Carotid artery endarterectomy (CEA) is the most commonly performed operation to prevent stroke in the United States. However, the operation itself carries a small risk of stroke. Statin drugs provide protection against stroke and death for patients undergoing CEA when given during the week prior to surgery, according to a new study to be published in the November issue of the Journal of Vascular Surgery.
"Carotid endarterectomy is the most frequently performed operation in peripheral vascular surgery--160,000 to 180,000 of these operations occur each year," said Bruce A. Perler, MD, MBA, lead author of the study. "Even in the best of hands, 1 to 5 percent of patients will have a stroke or die as a complication of the surgery. If we can cut that in half or by two-thirds, that's important."
Dr. Perler, who is the Julius H. Jacobson II Professor of Surgery at The Johns Hopkins University and chief of the division of vascular surgery at The Johns Hopkins Hospital in Baltimore, Md., spoke today at the American Medical Association's 24th annual Science Reporters Conference in Washington, D.C.
The study involved a chart review of 1,566 patients who underwent CEA between 1994 and 2004 at the Johns Hopkins Hospital and Johns Hopkins Bayview Medical Center in Baltimore. Six hundred fifty-seven, or 42 percent, of these patients received a statin medication for at least one week prior to surgery. Patients who received statin drugs were significantly more likely than others in the study to have cardiovascular risk factors, such as high blood pressure, high cholesterol, coronary artery disease, male gender and a history of smoking.
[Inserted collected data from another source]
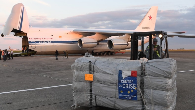 Un gros porteur Antonov 124 de l'armée russe, chargé de 50 tonnes de matériel médical et de biens de première nécessité fournis par la France, a décollé vers 3h du matin, dans la nuit du 20 au 21 juillet, de l'aéroport de Châteauroux (Indre) vers la base russe de Hmeimim, dans l'ouest de la Syrie, a précisé le directeur de l'aéroport, Mark Bottemine, à l'AFP.
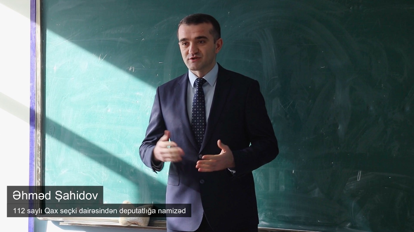 112 saylı Qax seçki dairəsindən deputatlığa namizəd, tanınmış hüquq müdafiəçisi Əhməd Şahidov Qax şəhəri Namiq Allahverdiyev adına 2 nömrəli məktəb-liseyin müəllim kollektivi ilə görüşüb. Səmimi ab-havada keçən görüş zamanı Qax müəllimlərini düşündürən məsələlər ətrafında fikir və düşüncələrini bölüşən Əhməd Şahidov seçkilərdə qələbə qazanacağı təqdirdə növbəti 5 ildə Qax rayonu ilə bağlı plan və niyyətlərini bölüşüb.
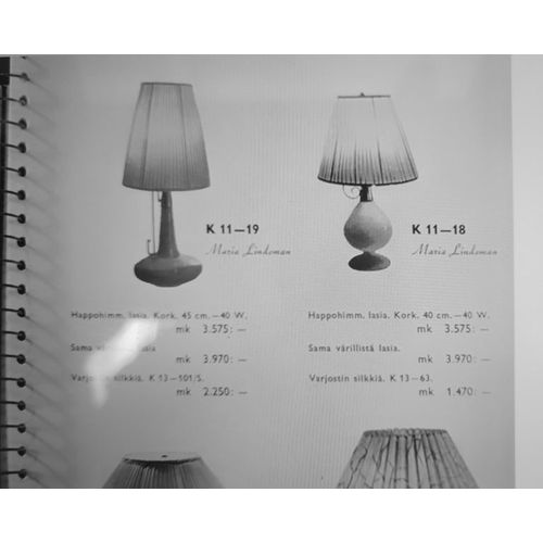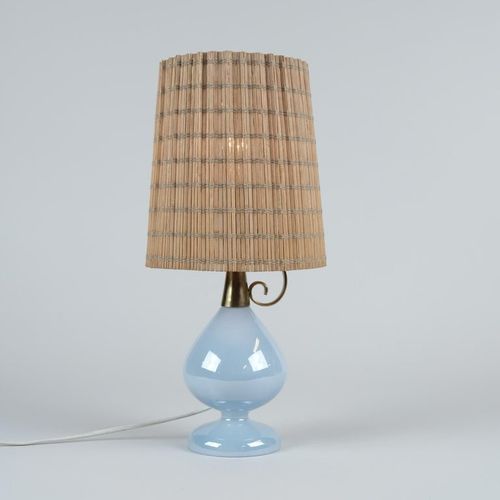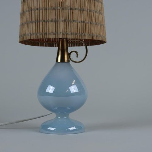 An oriental style delicate table lamp model K11-18 by Maria Lindeman for Idman from the 1950s. This rare, almost Aladin's lantern like lamp features a blown blue glass base with a brass top and handle. The rattan shade is of a later date. The lamp body is in it's original condition with the electric wiring seemingly changed at one point. Maria Lindemann graduated from the design school "Taideteollisuuskeskuskoulu", now known as the Aalto University School of Arts, Design, and Architecture just when the second world ended.Read more
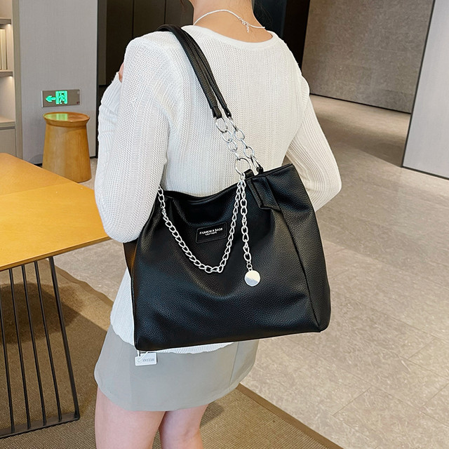 Сумка шопер з декоративним ланцюжком жіноча чорна
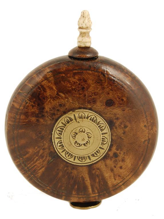 An early 19th century Swedish burr maple snuff flask, with engraved inset brass disks and circular base, with a turned bone and wood stopper, 4in (10cm) h. See Pinto, Treen and other wooden bygones, pl.369 for similar examples.
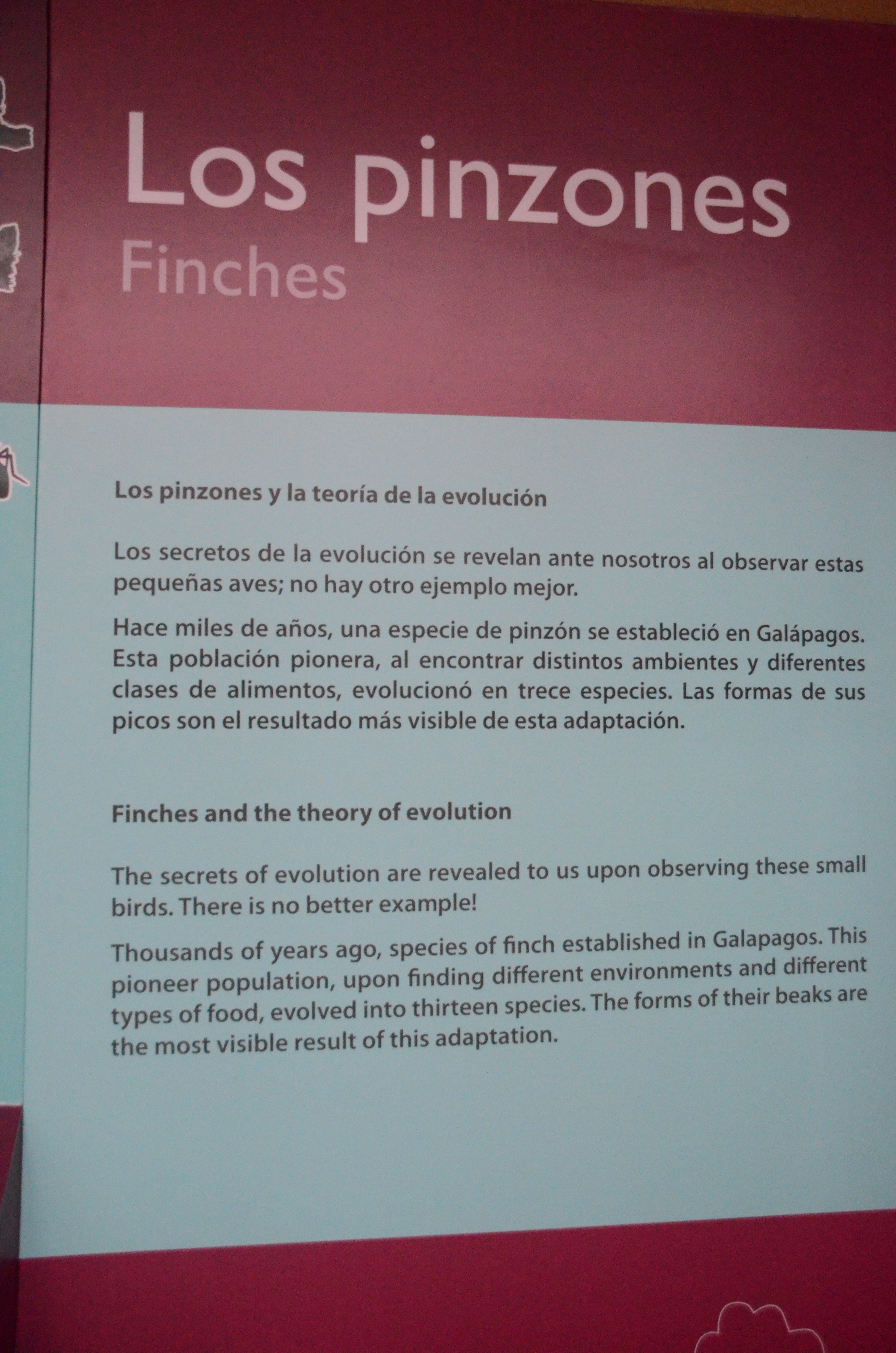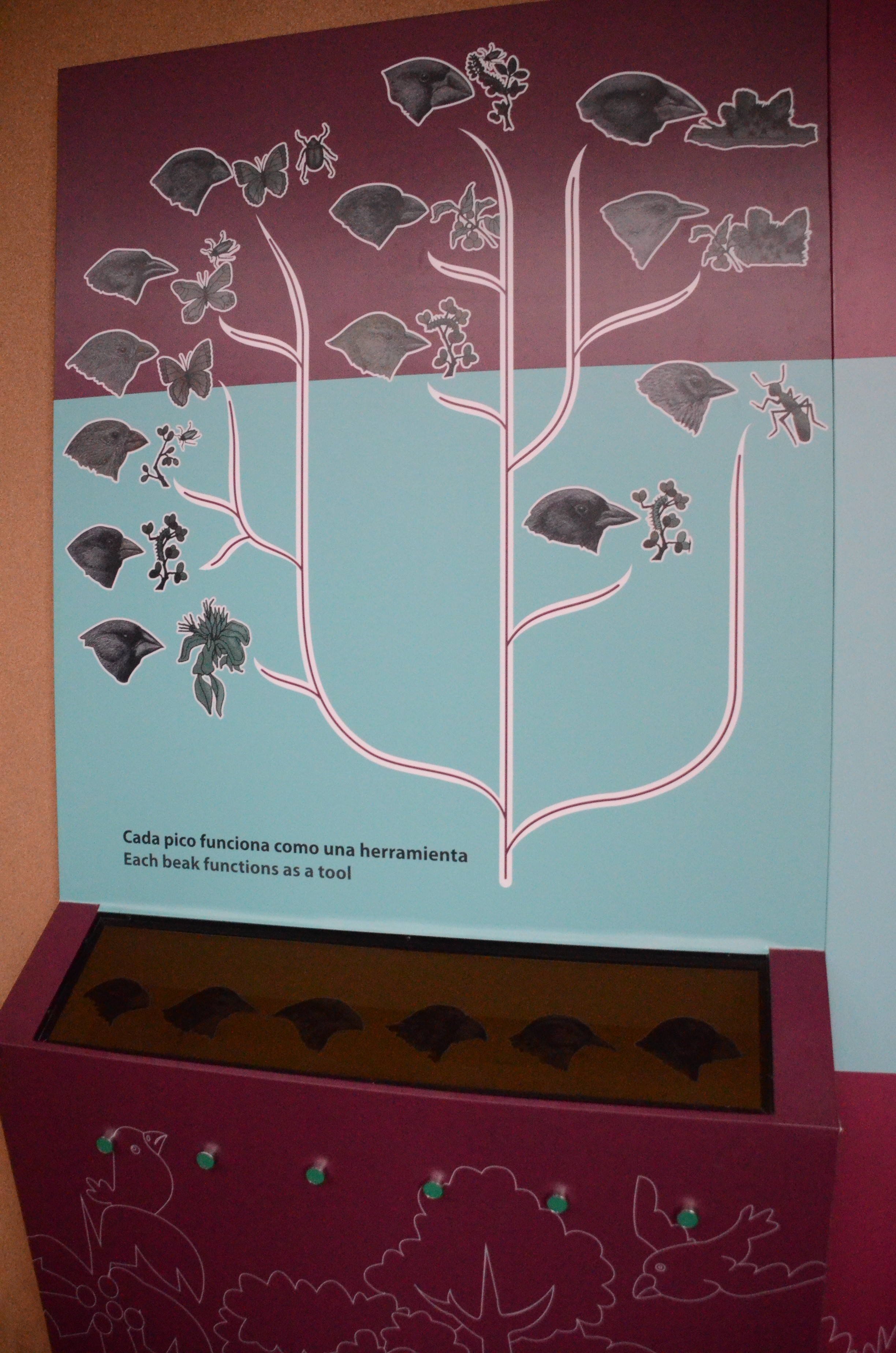 A display at the Interpretive center showing the different type of finches found on the Galapagos Islands.

Yet these high-risk patients experienced a three-fold lower rate of stroke during the days immediately following surgery and a five-fold lower rate of mortality in the same period.
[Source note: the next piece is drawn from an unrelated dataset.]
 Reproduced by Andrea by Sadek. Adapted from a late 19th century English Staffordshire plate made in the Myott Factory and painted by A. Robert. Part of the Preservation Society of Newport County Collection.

"Statin drugs have been described as the penicillin of the 21st century because while they're given to lower cholesterol levels, it appears they have a whole host of other biologic effects," Dr. Perler said. "There have been studies showing that in patients at risk of stroke, they have been effective at reducing the primary and secondary stroke rate. But no one had ever looked at whether these drugs could reduce the risk of stroke and death after carotid surgery, which is the gold standard procedure for patients with severe carotid artery disease at risk of stroke from that disease."
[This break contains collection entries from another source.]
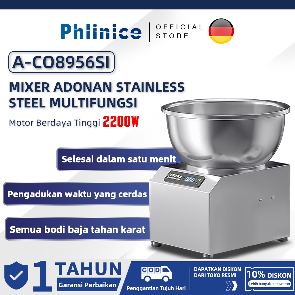 Phlinice Pengaduk Adonan Multifungsi Komersial/Rumah Tangga Pengaduk Adonan Otomatis Penuh 5 8 12 15Kg Pengaduk Tepung H
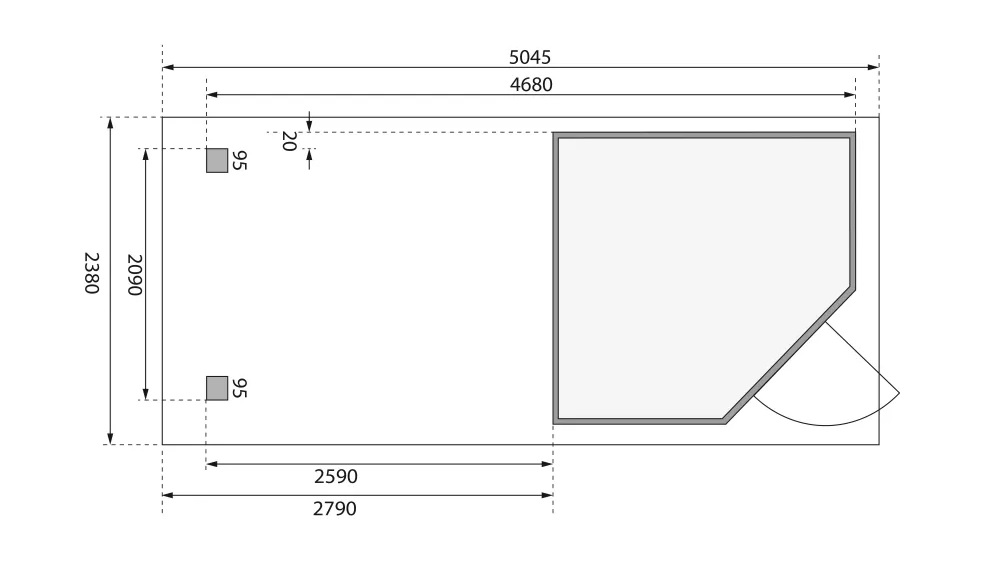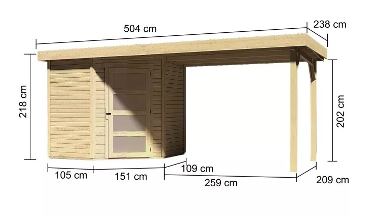 Tato verze domku obsahuje přístavek délky 280 cm montovatelný zprava nebo zleva.
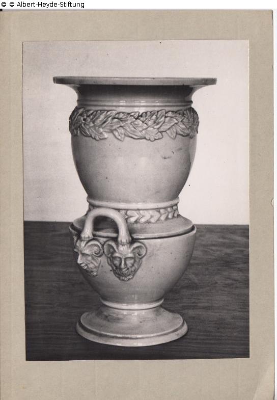 Kombination aus zwei Gefäßen in cremefarbener Glasur. Zuunterst eine Tasse mit Bügelhenkel, deren Enden als Satyr-Maskarons gestaltet. Darauf ein Becher mit ausladender Mündung und umlaufendem, plastischem Blätterfries.

Carotid artery disease occurs when the carotid artery, a large artery in the neck that serves as one of the major blood supplies to the brain, becomes blocked with a plaque made of cholesterol and fats. If the artery is completely blocked or if a plaque breaks loose and travels to the brain, it results in stroke. "We now have several randomized prospective trials of patients with significant carotid artery disease that have shown that among patients who are either treated medically or undergo carotid surgery, the long-term stroke risk is significantly reduced among patients who underwent successful carotid surgery," Dr. Perler said.
In CEA, surgeons make an incision over the artery, clamp it and remove the plaque, reopening the vessel. In a small percentage of patients, either bits of plaque or blood clots that form in the artery break off during the surgery and cause stroke. Statins appear to reduce this risk, though physicians aren't quite sure how. "Whether these drugs make those plaques less likely to fracture, less likely to break off or whether it's less likely for clots to form due to their anti-inflammatory effects, we can only speculate," Dr. Perler said.
What is clear, Dr. Perler said, is that patients who are at risk of heart attacks or strokes need to talk to their doctor about taking statins. Though the drugs do have some side effects, including muscle and liver problems, the benefits may outweigh the risks for many people. "They really appear to be powerful drugs that have far-reaching effects beyond simply lowering cholesterol levels," Dr. Perler said.